Protecting circuit boards from the effects of corrosives like H2S and Chlorine.
When selecting camera equipment for industrial purposes, everyone understands the importance of selecting a housing that will protect the camera from corrosives in the plant atmosphere. It is readily accepted that stainless steel is the go-to housing material for corrosion resistance. How then did the camera lens at the right corrode? It was in a stainless-steel housing manufactured by a very popular security company. The housing came with an NEMA4X/IP66 rating. Yet the camera inside was eaten alive with corrosion.
The answer lies in the seals. A NEMA4X/IP66 rating, while a great rating for general outdoor use, is not an air-tight seal. If this camera had been viewing a parking lot, it would still be alive today. However, it was placed into service watching batch digesters and therefore exposed to H2S. The housing of the camera appeared to be in fine shape, but when opened revealed a camera destroyed by corrosion. This issue is a common camera problem in industry.

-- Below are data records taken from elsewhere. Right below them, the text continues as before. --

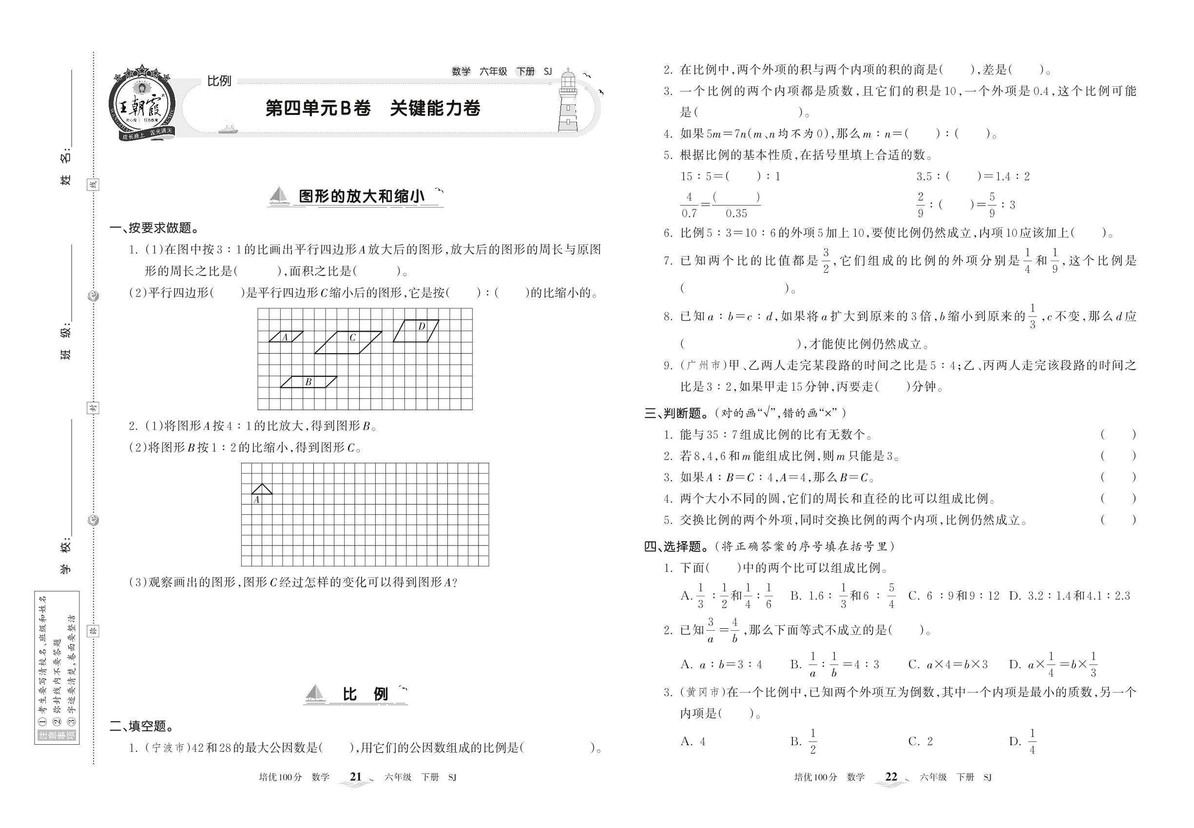2022下册六年级数学苏教版 第四单元B卷 关键能力卷
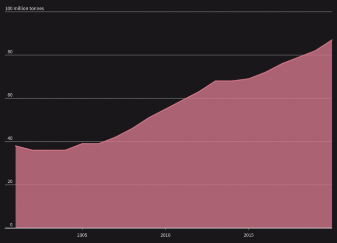 Объемы продаж коммерческих автомобилей в Индии (которые тоже зачастую имеют дизельные двигатели) в прошлом году возросли до рекордного уровня. По данным Refinitiv Eikon, в январе 2019 года число продаж коммерческих единиц транспорта достигло 87,600.
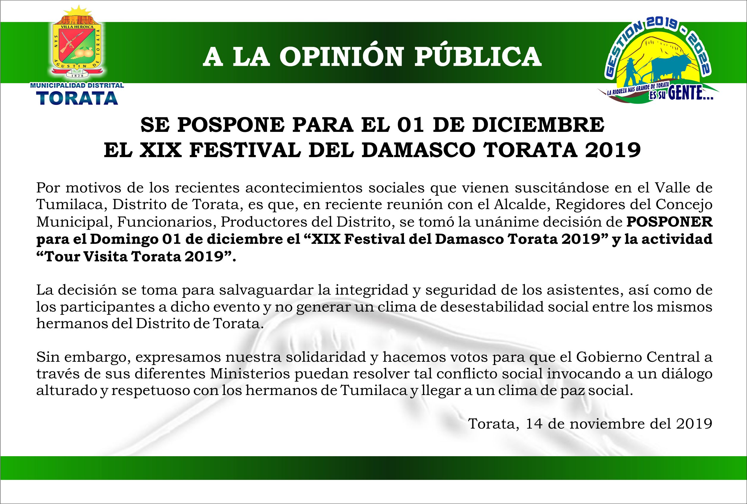Por motivos de los recientes acontecimientos sociales que vienen suscitándose en el Valle de Tumilaca, Distrito de Torata, es que, en reciente reunión con el Alcalde, Regidores del Concejo Municipal, Funcionarios, Productores del Distrito, se tomó la unánime decisión de POSPONER para el Domingo 01 de diciembre el “XIX Festival del Damasco Torata 2019” y la actividad “Tour Visita Torata 2019”.

An NEMA4X/IP66 rating, while impervious to water, is not an air or gas tight seal. Cameras when deployed outside often “breath”. Breathing is a phenomenon that occurs when a camera is exposed to varying temperatures and barometric pressures throughout the day. As the temperature heats up, air inside the housing expands and is pushed out through the seal. At night the air inside the camera cools and shrinks causing air to be drawn into the housing. This “breathing” causes an exchange of gases within the camera over time. If the outside air has hydrogen sulfide (H2S) or other corrosive gases the camera will eventually be eaten alive, even thought the housing appears fine on the outside.
Bass Electronics’ solution is an air-tight seal on its stainless-steel housing. Make the camera hold its breath!!